The new branch in Berkel-Enschot comprises a 194.4 metre-long production unit with, behind it, two warehouses, a pallet warehouse and a block stacking warehouse. The two warehouses have a floor area of 4,627 m² and 4,461 m² respectively. And, besides that, there are other areas for offices and a company restaurant.

For NedTrain, Stow has built a parts warehouse expressly tailored to the customer’s needs or preferences. The system is composed of standard fixed shelving with narrow aisles, in which the pallets (1.20 x 1.00m) stand transversely in the racks, resting on ‘top hats’ (a kind of cross-beam). Reach trucks are used, to pick items off the pallet. Works commenced in spring 2011 with the formal handover in August 2011. It all took around 5 months, including the time needed to dismantle parts of the old system.

Jos Halters, consultant at NedTrain, explains: “Standard pallet racks were chosen because they were simply the best bet in this case. Extensive mechanization and automation are not always a good idea. We have, in our warehouses, a very wide range of both large and small parts. Very little of which is in bulk. So that means low heights and narrow aisles, which are a big space-saver.

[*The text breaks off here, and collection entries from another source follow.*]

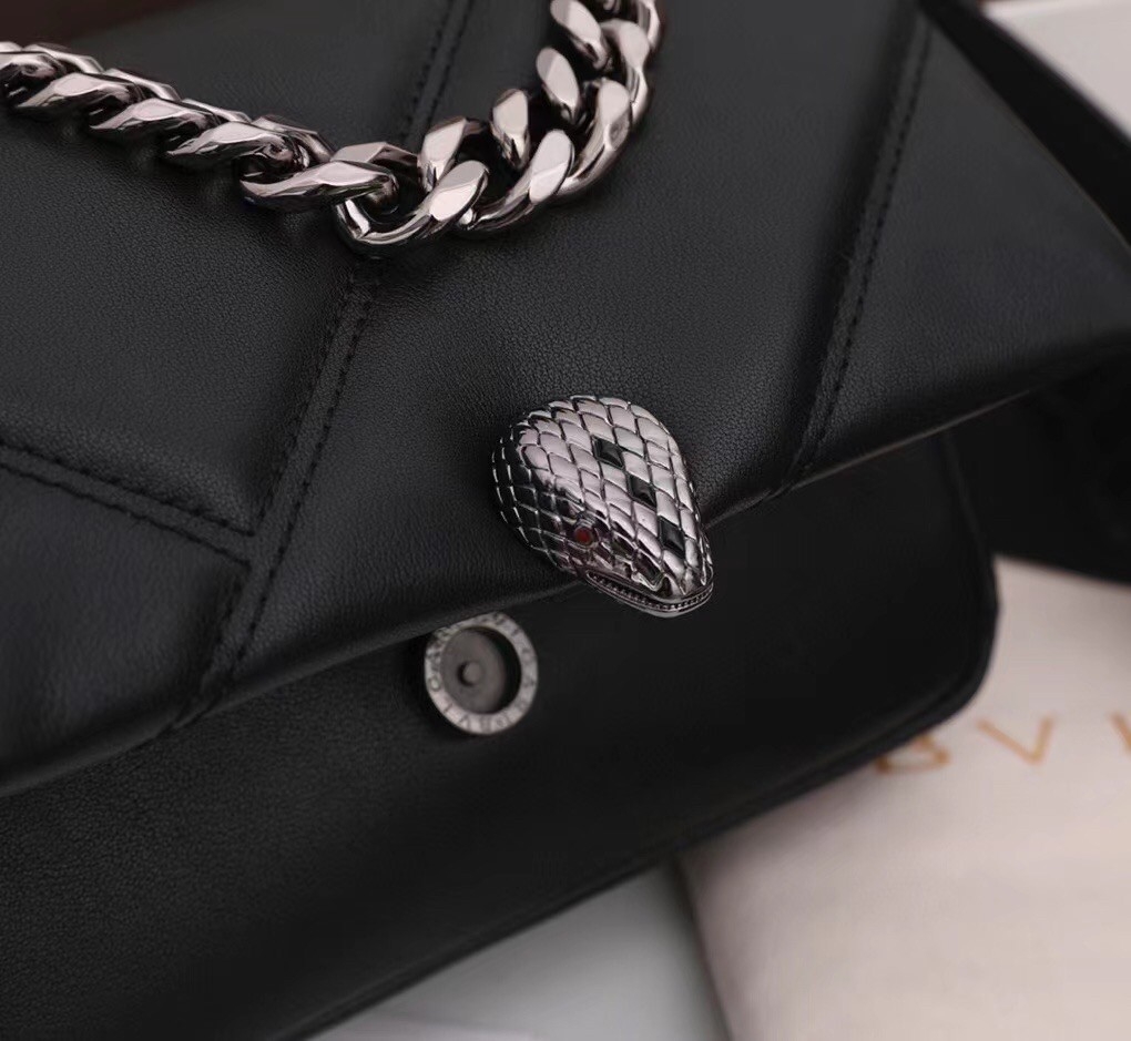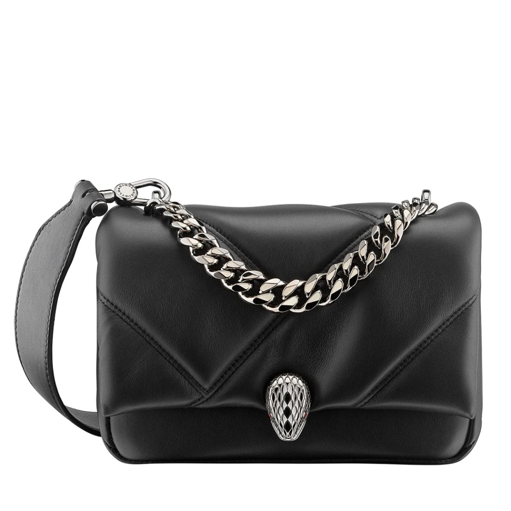 Made of a captivating combination between a maxi graphic motif and bold metal details, this “Serpenti Cabochon” mini crossbody bag is ready to hit the Serpenti universe with its sophisticated and functional design, featuring a contemporary style. The geometric maxi matelassé pattern, inspired by the sinuous surface of cabochon-cut gemstones, enhances the extreme softness of the calf leather of the bag’s core. The model is enhanced by a new ruthenium-plated version of the Serpenti head closure in dark brass, which takes inspiration from a Bvlgari heritage watch from the 1960s, with small black onyx scales in the middle and red enamel eyes.
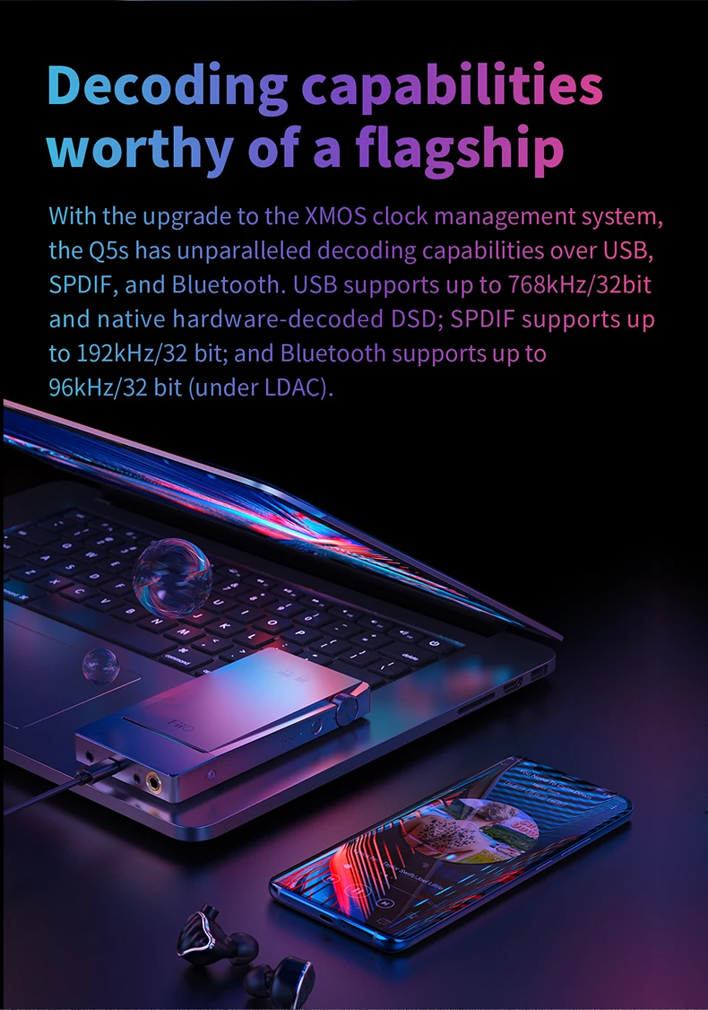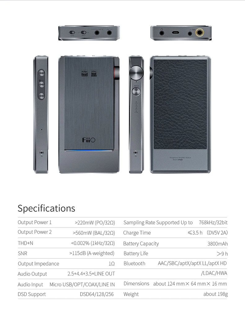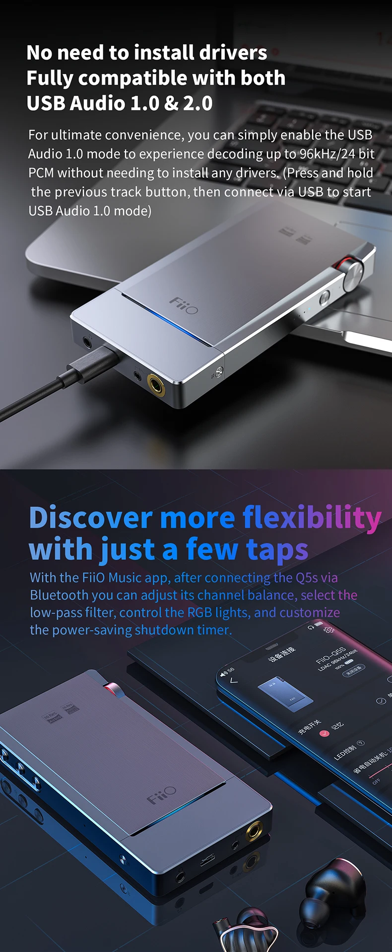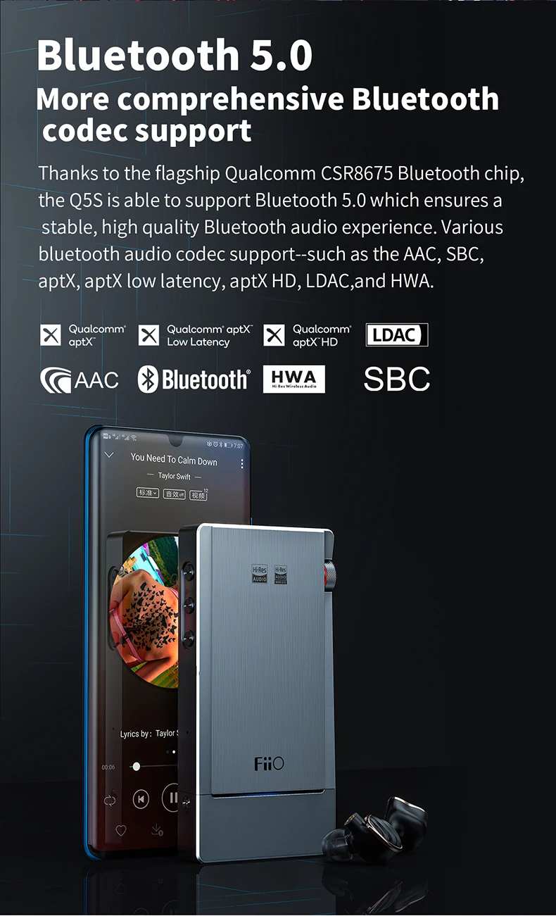 ЦАП-усилитель FiiO Q5s, Bluetooth 5,0, DSD256 PCM, 768k32 бит
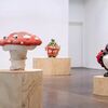 Sputniko!’s installation Red Silk of Fate (2021) is created using threads spun by silkworms genetically engineered to create oxytocin-infused silk. Long banners of red silk form a shrine-shaped roof that fills the gallery, with a circular halo of the titular red threads in the middle. The work refers to the East Asian belief that true lovers are bound by a red thread. This traditional line of thought is embodied by the shrine structure, but is challenged by the modern sensibilities of the short film Red Silk of Fate - Tamaki’s Crush, which plays alongside it. It’s a raucous, technologically fueled take on the shoujo genre of romance comics aimed at young women. In the video, a lovesick scientist engineers a “red silk of fate” to win over her male colleague, but doesn’t quite anticipate the potency of her creation.
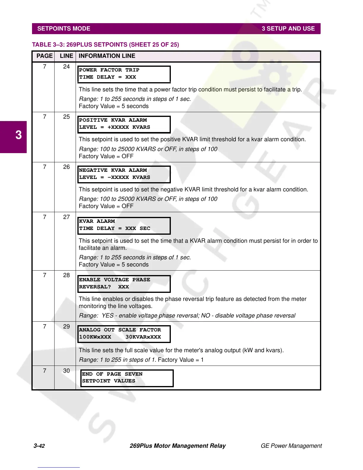 TABLE 3–3: 269PLUS SETPOINTS (SHEET 25 OF 25)
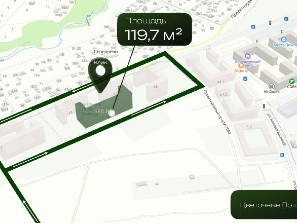 В продажу предлагается помещение свободного назначения, расположенное в современном жилом комплексе от Самолет "Цветочные Поляны", по адресу: Москва, Новомосковский административный округ, Филимонковский район, Новосередневский проспект, 21к4. «Цветочные поляны» строится в Новой Москве, недалеко от Валуевского леса. Ближайшая станция метро «Филатов луг». Помещение расположено в центре застраиваемого ЖК, густонаселенный район с активным трафиком. Напротив расположен паркинг.
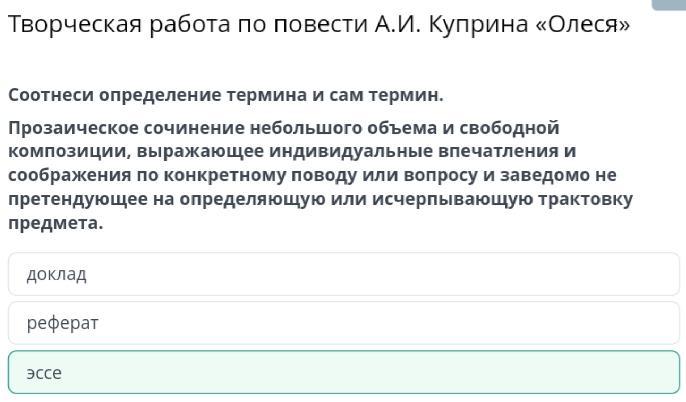 Прозаическое сочинение небольшого объема и свободной композиции, выражающее индивидуальные впечатления и соображения по конкретному поводу или вопросу и заведомо не претендующее на определяющую или исчерпывающую трактовку предмета.

Mobile racking would have been totally inefficient here because our reach trucks would have laid idle for too long. We have three reach trucks. In the present system, they never have to wait and are constantly on the go. The advantage is a brisk handling of picking orders, with no time lost.”

Jos Halters stresses that choosing Stow was economically sound too: “This is, of course, an economic story too. Whoever offers the best value for money, during the bidding phase, lands the contract. That’s how we let contracts. But another contributing factor, for sure, was the fact that we’d collaborated with Stow three times already. And, each time, it was a positive experience.”

“Major advantages are Stow’s great flexibility and adaptability”, said Halters. He gives us a specific example: “We still had many component parts of our old racks lying around. Some of those parts were still perfectly usable. So not everything was renewed just like that. What has been completely renewed are the yokes. On the other hand, we were able to reuse a third of the partitions from the old warehouse.”

The flexibility is clearly a distinct advantage. And that brings our interlocutor straight to another issue: “A critical point was the floor load. But the specialists from Stow came up with an ideal solution for that too. In order to evenly distribute the floor load, a modified configuration was chosen, with staggered yokes. A well thought-out solution, whereby a maximum live load is still possible.”